Вероника, следовательно, желала иметь не просто подругу эпического величия – эта женщина должна была являть собой сложное существо: одновременно и мать, готовую с восторгом свидетельствовать Вероникиной страсти, и девственным цветком ритуала ее жертвоприношения, и похотливой рабыней, раскрывающей таинства инициации, и посланницей небес, жрицей ее веры.

До сего момента в жизни Вероники всякий раз, когда она яростно чего-то желала, судьба в обличье объективной случайности регулярно приходила на помощь, в урочный час поднося ей в точности предмет ее желаний. Вот и сегодня, этим вечером, сейчас, эта самая случайность готовилась явить себя исполнением желания Вероники.

В дверь позвонили. Вероника не вздрогнула и, не дожидаясь, пока мисс Эндрюз объявит посетителя, потребовала:

– Пусть она войдет!

И, конечно, то была Бетка!

У Бетки был крупный рот, одета в плащ. С улицы несло удушающим жаром, набрякшая атмосфера грозы, что уже три дня никак не могла принять решение разразиться над Парижем, зарядила ее тяжелые рыжие волосы электрическими искрами.

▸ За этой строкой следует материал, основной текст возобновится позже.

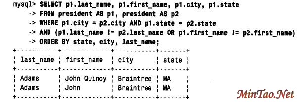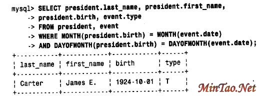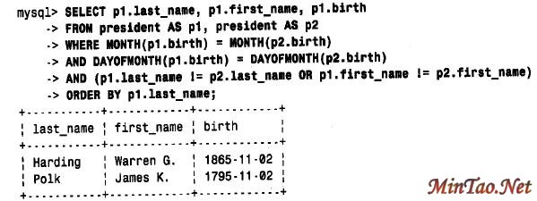 ■ 每个总统的记录与自身相匹配,但是我们不希望在输出中看到同一总统出再现两次。WHERE 子句的第二行保证比较的记录为不同总统的记录,使记录不与自身匹配。可以编写一个查找出生在同一天的总统的类似查询。出生日期不能直接比较,因为那样会错过出生在不同年份的总统。我们用MONTH( ) 和DAYOFMONTH( ) 来比较出生日期的月和日,相应的查询如下:
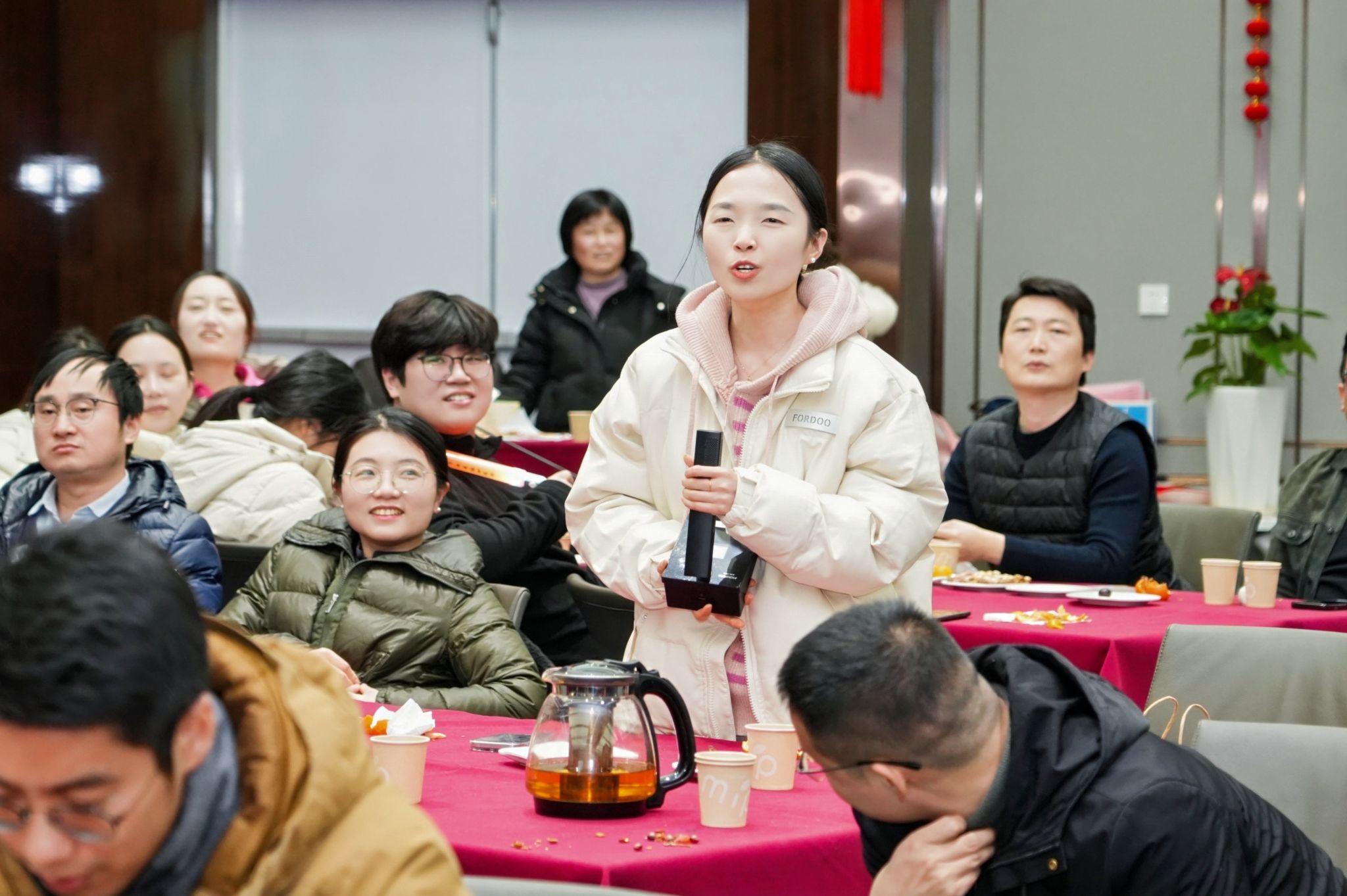 今年的新春联谊会采取了节目、游戏和抽奖互相穿插的形式,现场高潮迭起。
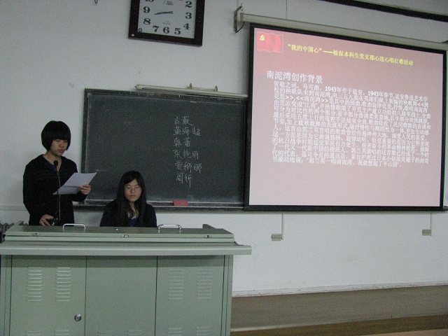 本次活动支部邀请了农学、园艺、农业资源与环境三个党支部的党员和积极分子参加。在主持人韩蕾的详细介绍下,大家了解了《南泥湾》和《我的中国心》两首歌曲创作背景与时代意义。在宋然同学的带领下,同学们一同学习了这两首歌曲。各支部自选歌曲进行拼比,气氛热烈融洽。
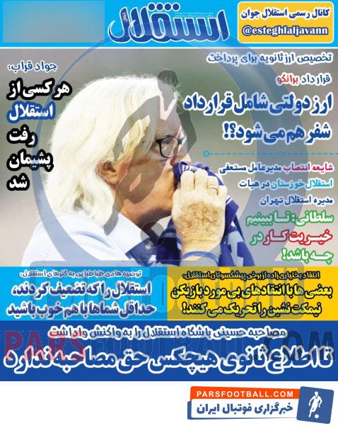 نگاهی به روزنامه استقلال جوان سهشنبه ۱۷ مهر ۹۷؛ مصاحبه حسینی باشگاه استقلال را به واکنش واداشت؛ انتقاد بختیاری زاده از برخی پیشکستوتان استقلال؛ توصیه های طباطبایی به گلرهای استقلال
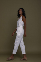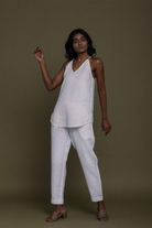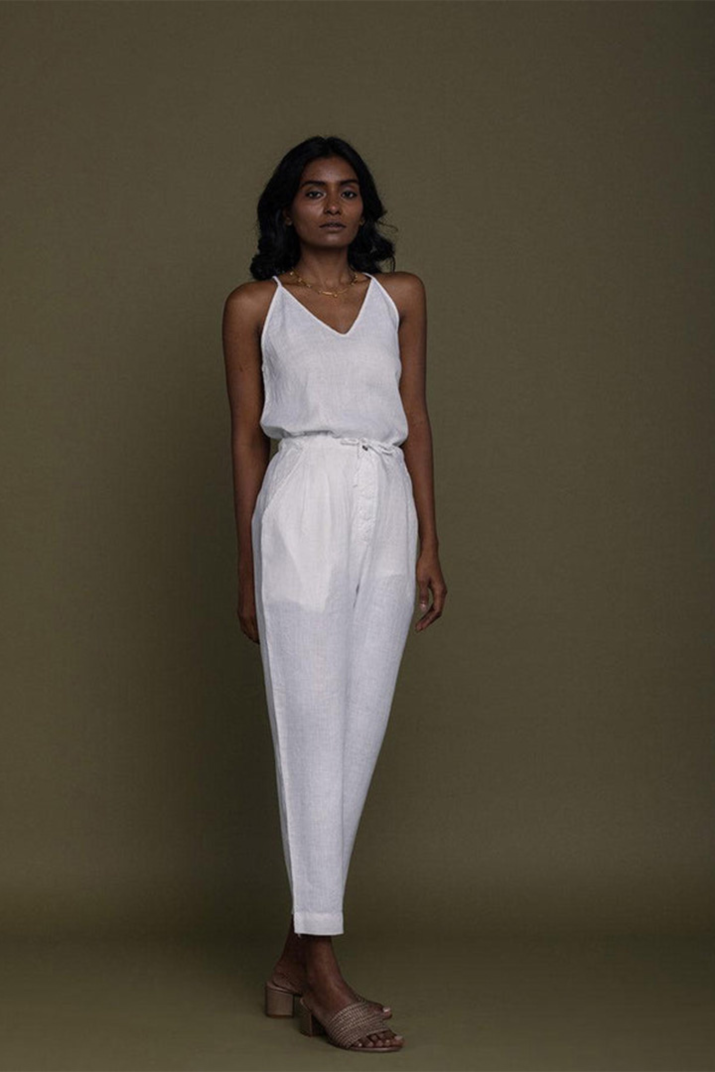 With a drawstring waist and a discrete button fly, these straight-leg tapered pants with a high waist have a relaxed semi-fitted look.
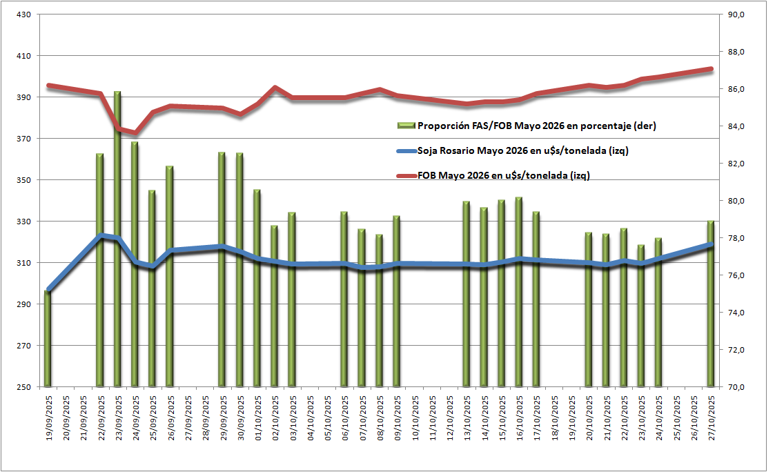 De todas maneras, para tener un marco de referencia, vale mencionar que el valor FAS teórico de la Soja Rosario Mayo 2026 con plena aplicación del derecho de exportación del 24,5% y el precio FOB vigente no superaría los 290 u$s/tonelada.
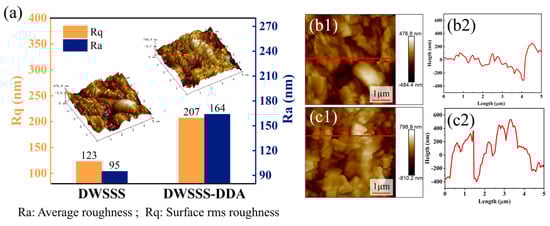 (a) Three-dimensional height morphology and roughness changes in DWSSS before and after DDA addition; (b1,b2) two-dimensional geometric morphology and cross-sectional height of DWSSS; (c1,c2) two-dimensional geometric morphology and cross-sectional height of DWSSS-DDA.

– Что вам угодно? – спросила Вероника, вновь неторопливо надевая туфли.

– Я хотела бы поговорить с миссис Барбарой Стивенз. Позвольте представиться. Я – та юная дама, кто две недели назад рассылала приглашения на светский дебют Вероники Стивенз. Вы Вероника, да?

Вероника кивнула.

– Ваша мать выразила удовлетворенность моей работой, равно как и намерение привлекать мои услуги и далее, вскоре… Я действительно все сделала неплохо – вписала все адреса в последнюю минуту и за одну ночь, от руки, поскольку каждый нужно было сверить с мисс Эндрюз… Надеюсь, что еще смогу пригодиться…

Вероника долго собиралась с ответом, дабы убедиться, что смущение Бетки негласно подразумевало просьбу. И вот, когда эта несомненная дружба уже подталкивала интуицию, Вероника предвосхитила себя догадкой:

– Да, моя мать говорила, что собирается вновь вас нанять – и даже, быть может, более постоянно. Меж тем я с удовольствием предоставлю вам аванс за будущие труды… О нет! Это же так естественно, у меня самой постоянно кончаются карманные деньги! – А поскольку Бетка, похоже, сопротивлялась, Вероника добавила: – Я настаиваю, для меня это очень важно – я ужас как хочу вас осчастливить!

Бетка изумилась столь яростной и простой искренности в голосе Вероники.

– Нет, – сказала Бетка, – я не хочу аванса. Я смогу вернуть эти деньги в точности через два дня. Мне нужно ровно столько, сколько требуется, чтобы отбить телеграмму родителям в Польшу.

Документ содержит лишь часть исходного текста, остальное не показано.